Anyway, circles and lines don't get along too well, but since they are at the mercy of whoever draws them (to some extent), they do have to interact sometimes.
Throw a line down onto a plane with a circle in it and one of three things will happen. If they are lucky, the line and the circle won't intersect at all. They'll each go about their business, perhaps warily eying each other, but not sharing any points.
You might end up with the line intersecting the circle at two points.
Or, once in a blue moon, you might see the line just "touching" the circle, intersecting it at exactly one point.
We have special names for these last two cases. If a line intersects a circle at two points, then the line is a secant of the circle.
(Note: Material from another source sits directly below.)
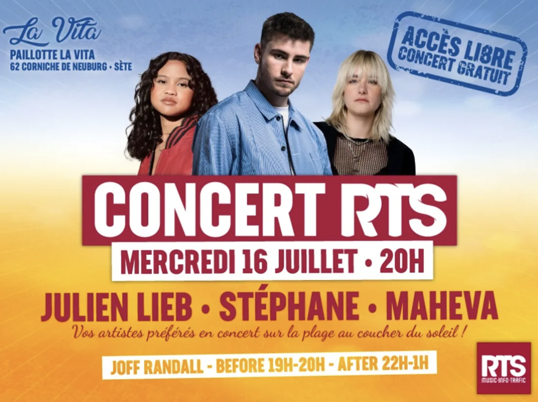 Après plusieurs opérations terrain ces derniers mois, RTS renouvelle son dispositif estival avec un concert en plein air. La station investira la paillote La Vita à Sète ce 16 juillet à 20h pour une soirée en format live. L’événement est totalement gratuit et sans invitation préalable. Il s’adresse au grand public, dans une logique d’ouverture et de visibilité locale.

If a line intersects a circle at exactly one point, then the line is tangent to the circle. (You can think of a tangent line as just barely touching the circle.)
Suppose line m intersects ⊙X at point Z and m is perpendicular to XZ. What is the maximum number of other points on ⊙X that m can intersect?
Is there a maximum number of secant lines two circles can have in common? If so, what is it? (In other words, given two circles, how many lines m can you draw that m is a secant of both circles?)
In the figure below, segments CA and CB are tangent to ⊙O at points A and B, respectively. If OA = 8 cm and AC = 18 cm, what is the length of BC?
How is it possible for two circles to have only two common tangents?
How is it possible for two circles to have only one common tangent?
A diameter is a secant. True or false?
If a line m is perpendicular to the radius of a circle, then m is not a secant of the circle. True or false?
In the figure below, segments PB and PA are tangent to ⊙O at B and A, respectively. Also, ∠AOB is a right angle. Prove that ∠APB is a right angle.